Петр подумал, что удавиться он еще успеет, а дублон — штука недурная, пригодится его вдове с сироткою. К тому же в осанке и пронзительном голосе рыцаря было что-то, не допускавшее возражений.

— Слушаю, ваше сиятельство, рад служить вашей чести, — сказал Петр и повел рыцаря глухою тропою.

— Зачем у тебя веревка? — спросил рыцарь, когда они вошли в лесную чащу. Петр промолчал.

— Уж не удавиться ли ты выдумал, дурак? Что-то рожа у тебя пасмурна и глаза — точно ты поцеловался со смертию… Беда, что ли, стряслась над тобою?

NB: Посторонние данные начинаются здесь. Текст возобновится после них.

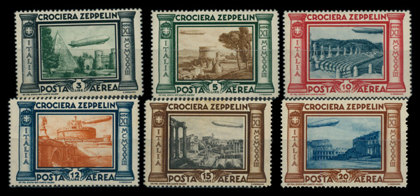 7764 nh C42-C47 image1933, Zeppelin over Italian Landmarks complete (Scott C42-C47), complete set of singles, o.g., never hinged, Fine to Very Fine.

Видя, что рыцарь человек участливый, Петр ободрился и откровенно рассказал свое горе.

— Стало быть, — возразил рыцарь, — вся беда в том, что ты не выстроил гумна?

— Строят его теперь поденщики — да кой в нем прок? Когда они его достроят, только лишний долг — им за работу — ляжет мне на шею. Что я буду убирать в него? Навоз — вместо хлеба. Нет, я пропал, пропал, если Бог не пошлет мне во спасение чуда.

— Чудес на свете не бывает, — холодно сказал рыцарь, — но бывают добрые люди, которые не прочь иной раз помочь ближнему в нужде… Пожалуй, я, так и быть, ссужу тебе сто луидоров, пришлю своих рабочих достроить твое гумно и наполню его отборным зерном… чудо, что за зерно, продашь его на рынке не дешевле семи экю за четверть.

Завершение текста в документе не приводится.